人気blogランキングは?JULIYA M.KODAMA 依然として「覚醒した不眠」を、なんとか手なずけながら、私は温々とした闇の中にいる。
 「このまま」を密かに願ってはいるけれど、そんな私の覚醒など、ついには収縮し収束するスポンジボールのような具合に塊となり、存在もろともドットと化し やがて消滅してしまう。
 思考の彼方が、imagine の及ばぬ とてつもなく永遠の場であるとしたら…などという if は、今の私には確かめ得ない空論でしかありやしない。
 「私の世界」の終焉と無は、まったくの自明の理で、そんな願いへの意志や努力など大いなる徒労でしかないように思える。
 夏を惜しむ蜩のように、成熟して得られた瞬間の生が地上で尽きるまで、それが微かな揺らぎだとしても、継続する時をたぐり寄せ埋め合わせるように 輝く羽根を力強く鳴らし続けるのだ。
 そうだ、私には全てのことがわかっていたとさえ言える。それを私は、幼い頃から身をもって知っている。
 今はここで、さながら「瞑想する達磨」のごとくさえある姿だけれど、私のありようは、何も生み出すこともない空に近く、己に存在を問いかけながらいつもそうであり、そうしてきたのだった。

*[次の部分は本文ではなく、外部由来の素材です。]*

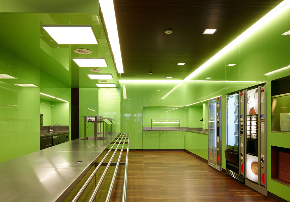 Die Mensa im Freien Gymnasium Zürich wurde erneuert. Neben technischen und betrieblichen Anpassungen an die heutigen Anforderungen stand die räumliche Verbesserung im Vordergrund. Es wurde eine Atmosphäre angestrebt, die zum Verweilen einlädt und die Mensa zu einem beliebten Aufenthaltsort werden lässt. Boden, Brüstungen und Decke sind mit Holz verkleidet. In diesem prägnanten Rahmen stehen zwei Objekte, die in ihrer Wechselbeziehung eine räumliche Spannung aufbauen: Ein Wandbild von Klaus Däniker und die Buffetanlage. Das Wandbild tritt mit seiner Zickzackform als Volumen in Erscheinung. Von jedem Standort im Raum ist es neu erlebbar. Die Buffetanlage ist das volumetrische Gegenstück. Mit ihrer entmaterialisierenden Farbgebung kontrastiert sie den Holzcharakter des Raumes. Eine weitere Parallele zum Wandbild ist die vielseitige Erlebbarkeit der Buffetanlage. Vom Essbereich aus schauend, tritt sie als Volumen in Erscheinung. Beim Menufassen erhalten die farbigen Wände räumliche Qualitäten.

 私の situation を、思い考え得る言葉を正しく並べかえながら、こうあるのが「あらまほしき姿」だと 懸命に肯定することでしか、私はここに在り得ないという確信…それは狂信と言ってよいほど。
 変容の途中が確かである限り、時の流れに刃向かう徒労を知った上での諦観とともに、こうして前へ先へと歩み、精一杯の imagine を 時に委ね続けるのだ。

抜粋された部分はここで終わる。